I'd like to use some generator expressions as attributes for some expensive computation of data. If possible I would like to be able to do something like this:
class Test:
def __init__(self):
self.data = []
self.evens = (i for i in self.data if i % 2 == 0)
def __main__():
t = Test()
t.data = [1,2,3,4,5,6,7,8]
for item in t.evens:
print(item)
if __name__ == '__main__':
__main__()
I would liked to have seen this print out 2 4 6 8
but this gives no output. Have I made some sort of simple mistake here?

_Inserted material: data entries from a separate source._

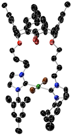 The X-ray data show (Figure 2) that 8 is a bis-Ni(NHC) complex with no cyclopentadienyl ligands bound to the nickel atom. The nickel was in a trans-square-planar geometry with two substituted NHC ligands and two bromides forming the coordination sphere of the metal. The geometry of the complex is analogous to many other complexes of the type trans-[NiX2(NHC)2] (X = Cl, Br, I) that have been reported and have been known for the last 25 years [50,51,52,53]. The coordination of the ligand around the nickel in 8 is broadly similar to what has been observed in such complexes. The calixarene part of this molecule adopted a cone configuration.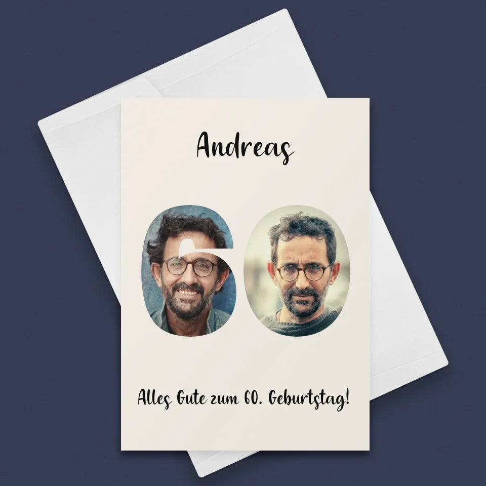 Personalisierte Glückwunschkarte für einen besonderen Anlass. Wählen Sie Ihre eigenen Fotos aus und erstellen Sie ein einzigartiges Geschenk!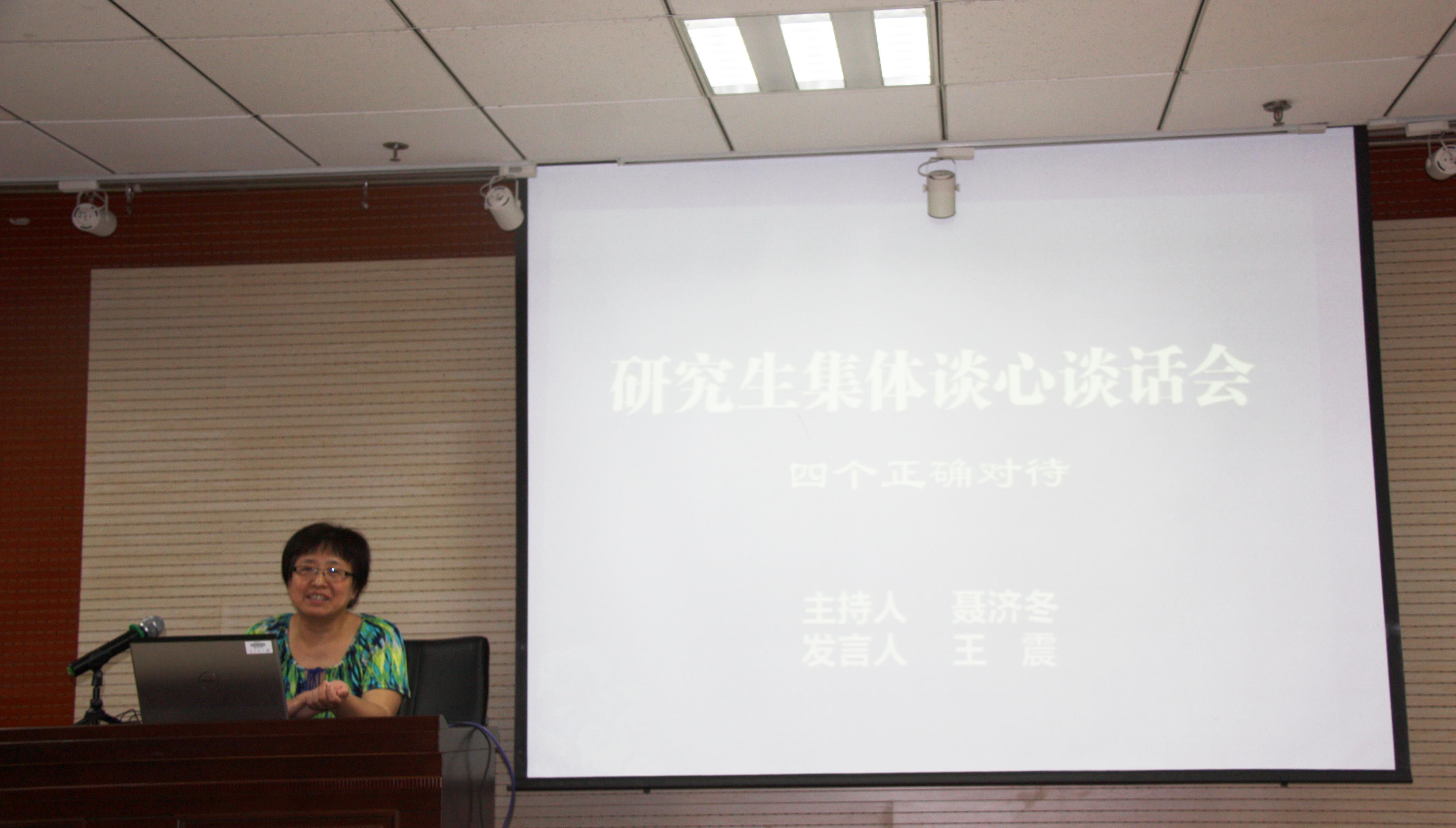 5月11日晚,我院教师聂济冬、王震与一、三两个年级100余名硕博士研究生开展了一次集体谈心谈话,针对当前研究生群体中普遍存在的政治思想、价值观念、人际交往、心理健康、安全意识等方面的倾向性问题,进行教育宣讲和沟通疏导。这次集体谈心谈话会由聂济冬主持,王震作辅导发言。
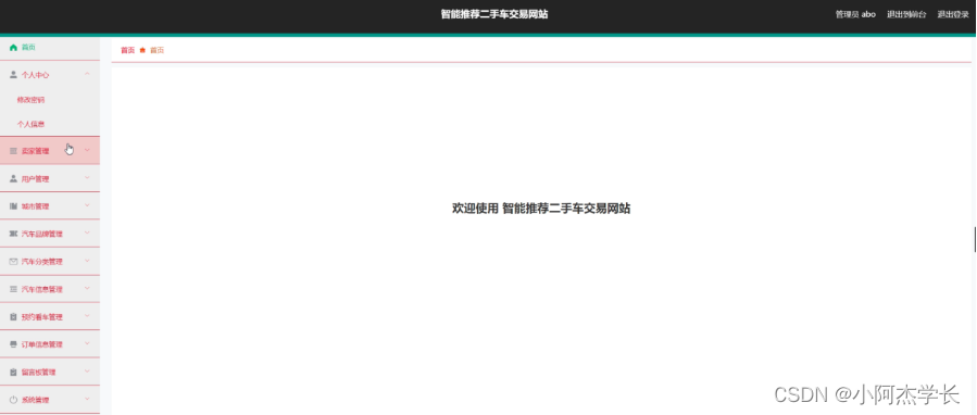 管理员登录进入系统之后,就可以对所有的信息进行查看,可以查看到首页、个人中心、卖家管理、用户管理、城市管理、汽车品牌管理、汽车分类管理、汽车信息管理、预约看车管理、订单信息管理、留言板管理、系统管理等,并且还可以对其进行相应的操作管理,如图5-5所示。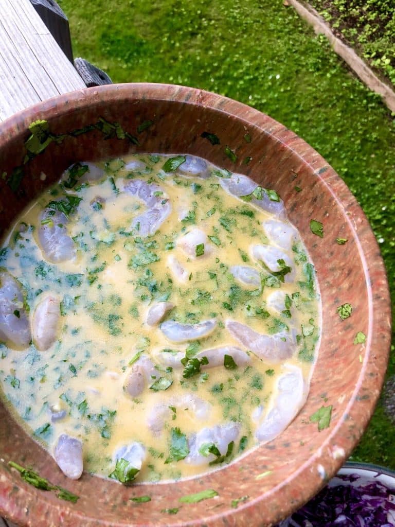 - Place the shrimp in the bowl with the marinade.

Is what I am trying to do here possible or will I need to use yield
to do this?
While the other answers have correctly diagnosed the error (that your evens
generator is being initialized with the original empty data
list), I think the suggestion to set a value for data
still won't do what you want.
Currently you can only iterate over evens
once, and after you do it will have been consumed. What I think you want is for evens
to always be accessible as a generator of the even values of whatever the current data
value has. The way to do that is to make it a property
, with a function that returns the generator each time it is called:
class Test:
def __init__(self):
self.data = []
@property
def evens(self):
return (i for i in self.data if i % 2 == 0)
Usage:
>>> t = Test()
>>> t.data = [1, 2, 3, 4, 5, 6]
>>> list(t.evens)
[2, 4, 6]
>>> list(t.evens) # works more than once
[2, 4, 5]
>>> t.data = [10, 15, 20, 25, 30]
>>> list(t.evens)
[10, 20, 30]
If you needed a more complicated generator, you could use yield
in the function, rather than returning a generator object, but a generator expression works easily enough for getting even values.